A study by the Swedish Institute for Food and Biotechnology, commissioned by the FAO for an international congress in Germany, said the amount of food lost or wasted every year is more than half the world's cereals crop of 2.53 billion tons last year.
Fruits, vegetables, roots and tubers account for the highest wastage rates of any food, the study said.
Consumers in rich countries waste almost about 244 million tons of food every year, which compares with the entire net food production of sub-Saharan Africa of 253 million tons.
Food losses -- defined as occurring at the production, harvest or processing phases -- are a problem in developing countries due to their poor infrastructure, low levels of technology and low investment in the food production systems, the study said.
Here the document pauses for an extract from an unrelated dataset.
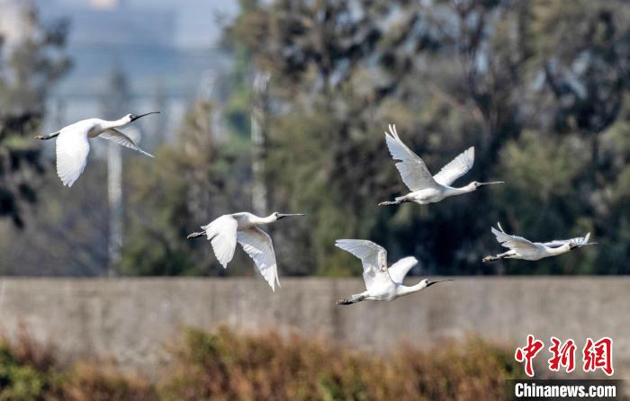 黑脸琵鹭在泉州泉港区滨海湿地飞翔。 庄绍坤 摄
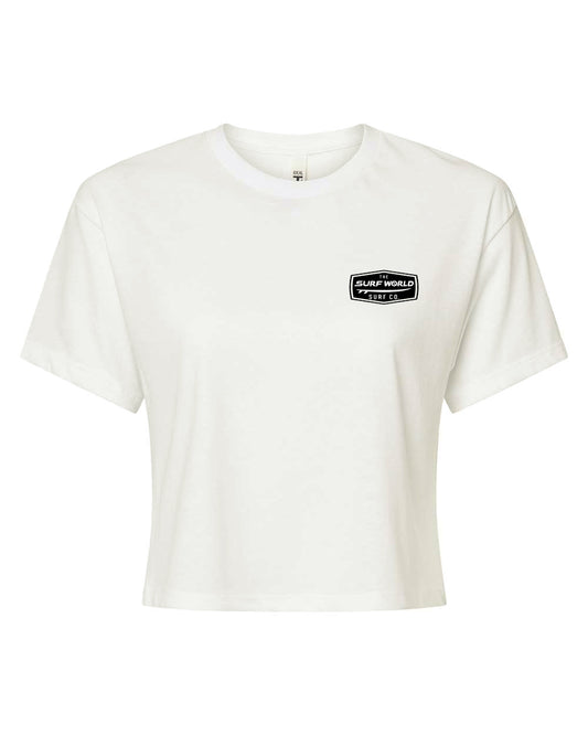 Surf World Double Palms Crop Tee - Off White

Food waste is more a problem in industrialized countries, most often caused by both retailers and consumers trashing perfectly edible food items.
The study said total per capita food production for human consumption is about 900 kilos (1,984 pounds) a year in rich countries, almost twice that produced in the poorest regions.
Food losses and waste also cause waste of valuable resources including water, land, energy, labor and capital and contribute to greenhouse gas emissions and global warming.
The study said the food supply chain can be strengthened by assisting small farmers to link up directly with buyers. It said private and public sectors should also invest more in infrastructure, transportation and in processing and packaging.